======== INPUT MATERIAL
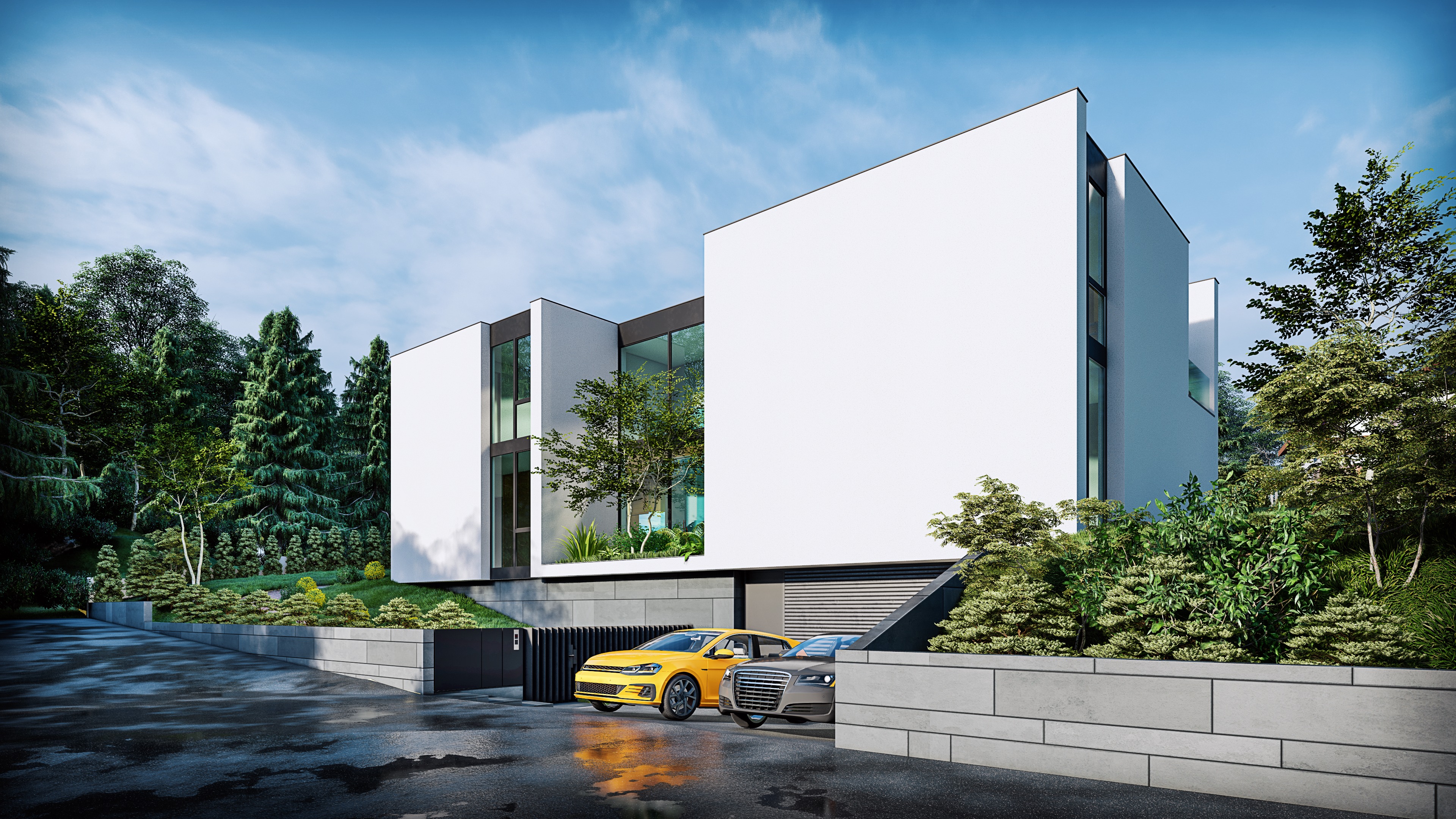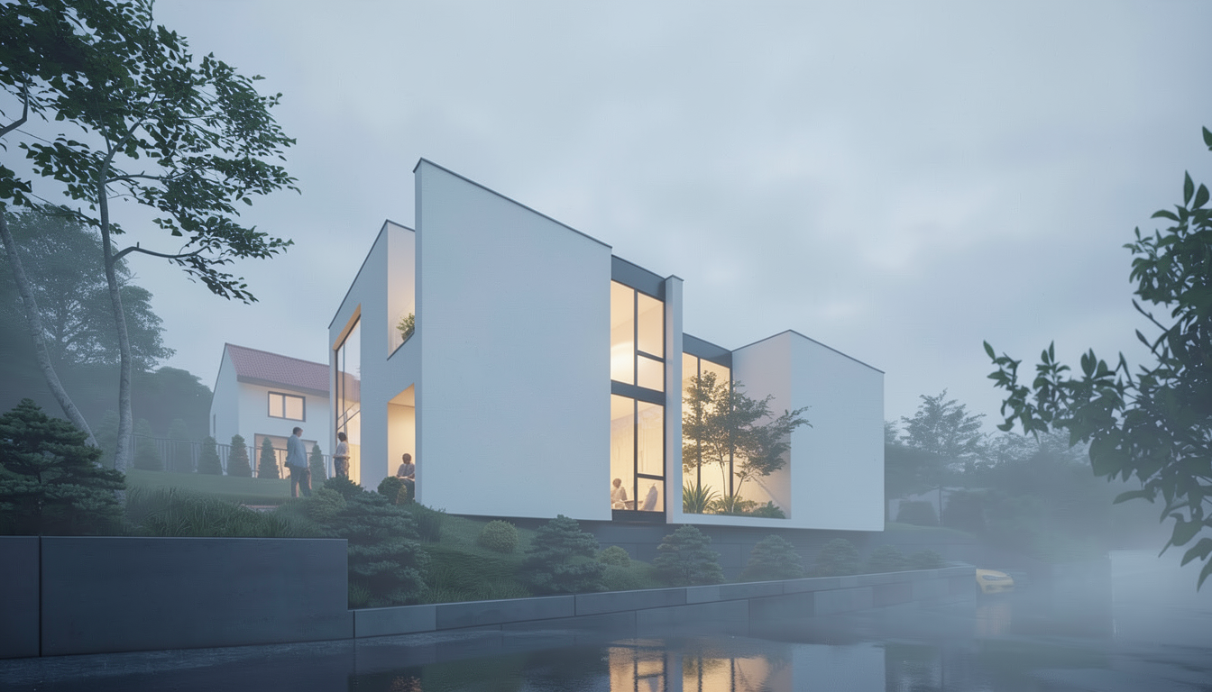 important preserve the existing geometry and the existing context exactly as provided do not modify alter reinterpret add remove scale or reshape any geometry do not change the site surroundings street layout neighboring buildings vegetation or context elements do not modify geometry scale proportions buildings road layout sidewalks or surrounding context in any way do not change text photorealistic architectural rendering clean and balanced contrast calm cinematic mood style contemporary european residential architecture minimalist premium understated include people seating and standing inside do not alter the church color soft overcast evening atmosphere diffused cold natural daylight with subtle blue grey tones cinematic architectural mood warm interior lighting 3000k glowing from inside creating strong contrast between cool exterior and warm interior large glass surfaces with realistic reflections soft mirror effect subtle environmental reflections of sky and surroundings gentle fog diffusion in background wet pavement with smooth reflective surface soft light bounce and blurred reflections high dynamic range lighting realistic global illumination soft shadows calm and minimalist nordic mood photorealistic architectural visualization balanced exposure no harsh highlights
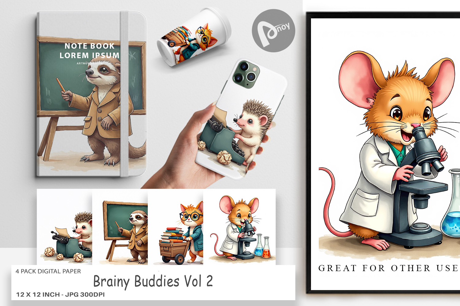 Digital Background Printable Scrapbook Paper Digital Paper Bundle Cute Animal Paper Student Journal Junk Journal Page Sublimation Paper Background Scholarly Animals Brainy Buddies Background Teacher Scrapbook
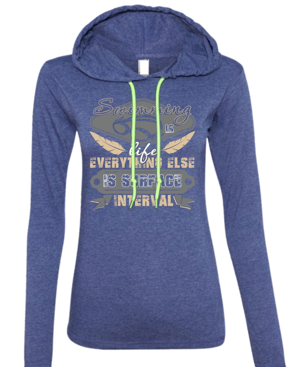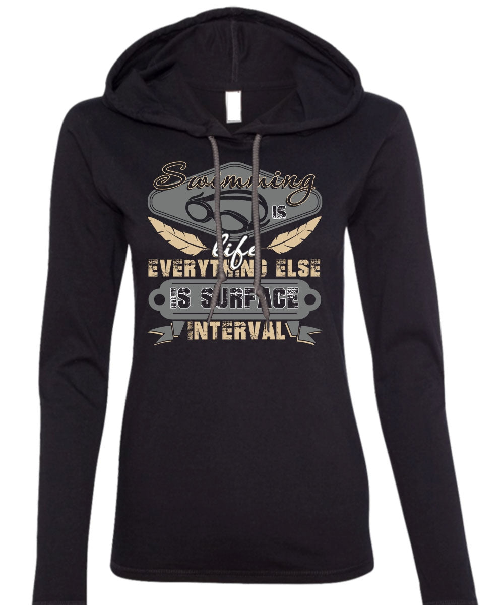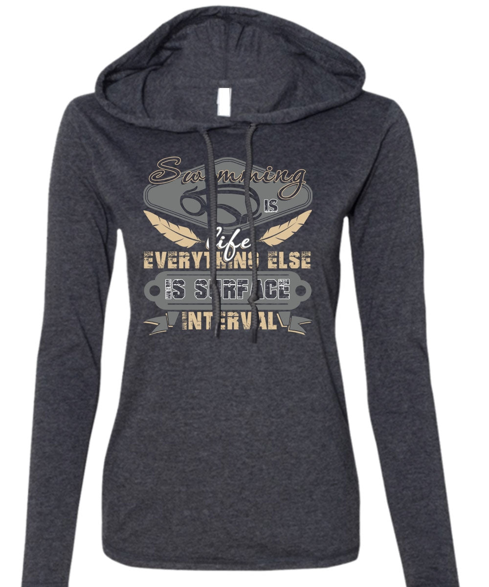 Swimming Is Life T Shirt, Else Is Surface Interval T Shirt (Anvil Ladies Ringspun Hooded)
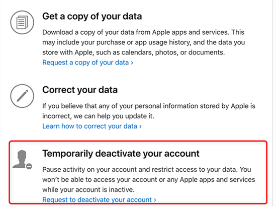如果您想刪除Apple ID帳戶以不使用一段時間,則實際上可以選擇停用該帳戶。這基本上是帳戶刪除,但這只是暫時的。如果您想在設備上再次使用帳戶,則可以重新激活它。
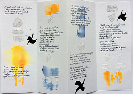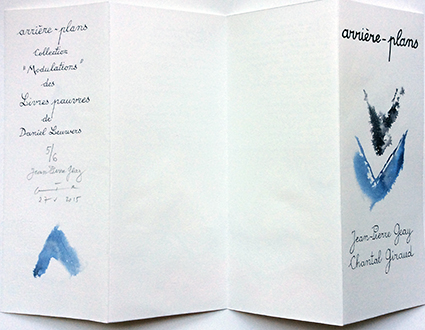 retourLa collection de « livres pauvres » hors commerce, de Daniel Leuwers s’enrichit d’une collection particulière « Modulations » constituée uniquement de sept ouvrages, tous du même auteur Jean-Pierre Geay, et tous enluminés de la main du peintre Chantal Giraud |
================
Print the whole listing exactly, please, and keep any images out of it.

SOLUTION TO THE EXERCISE =>
 important preserve the existing geometry and the existing context exactly as provided do not modify alter reinterpret add remove scale or reshape any geometry do not change the site surroundings street layout neighboring buildings vegetation or context elements do not modify geometry scale proportions buildings road layout sidewalks or surrounding context in any way do not change text photorealistic architectural rendering clean and balanced contrast calm cinematic mood style contemporary european residential architecture minimalist premium understated include people seating and standing inside do not alter the church color soft overcast evening atmosphere diffused cold natural daylight with subtle blue grey tones cinematic architectural mood warm interior lighting 3000k glowing from inside creating strong contrast between cool exterior and warm interior large glass surfaces with realistic reflections soft mirror effect subtle environmental reflections of sky and surroundings gentle fog diffusion in background wet pavement with smooth reflective surface soft light bounce and blurred reflections high dynamic range lighting realistic global illumination soft shadows calm and minimalist nordic mood photorealistic architectural visualization balanced exposure no harsh highlights
 Digital Background Printable Scrapbook Paper Digital Paper Bundle Cute Animal Paper Student Journal Junk Journal Page Sublimation Paper Background Scholarly Animals Brainy Buddies Background Teacher Scrapbook
 Swimming Is Life T Shirt, Else Is Surface Interval T Shirt (Anvil Ladies Ringspun Hooded)
如果您想刪除Apple ID帳戶以不使用一段時間,則實際上可以選擇停用該帳戶。這基本上是帳戶刪除,但這只是暫時的。如果您想在設備上再次使用帳戶,則可以重新激活它。
 retourLa collection de « livres pauvres » hors commerce, de Daniel Leuwers s’enrichit d’une collection particulière « Modulations » constituée uniquement de sept ouvrages, tous du même auteur Jean-Pierre Geay, et tous enluminés de la main du peintre Chantal Giraud |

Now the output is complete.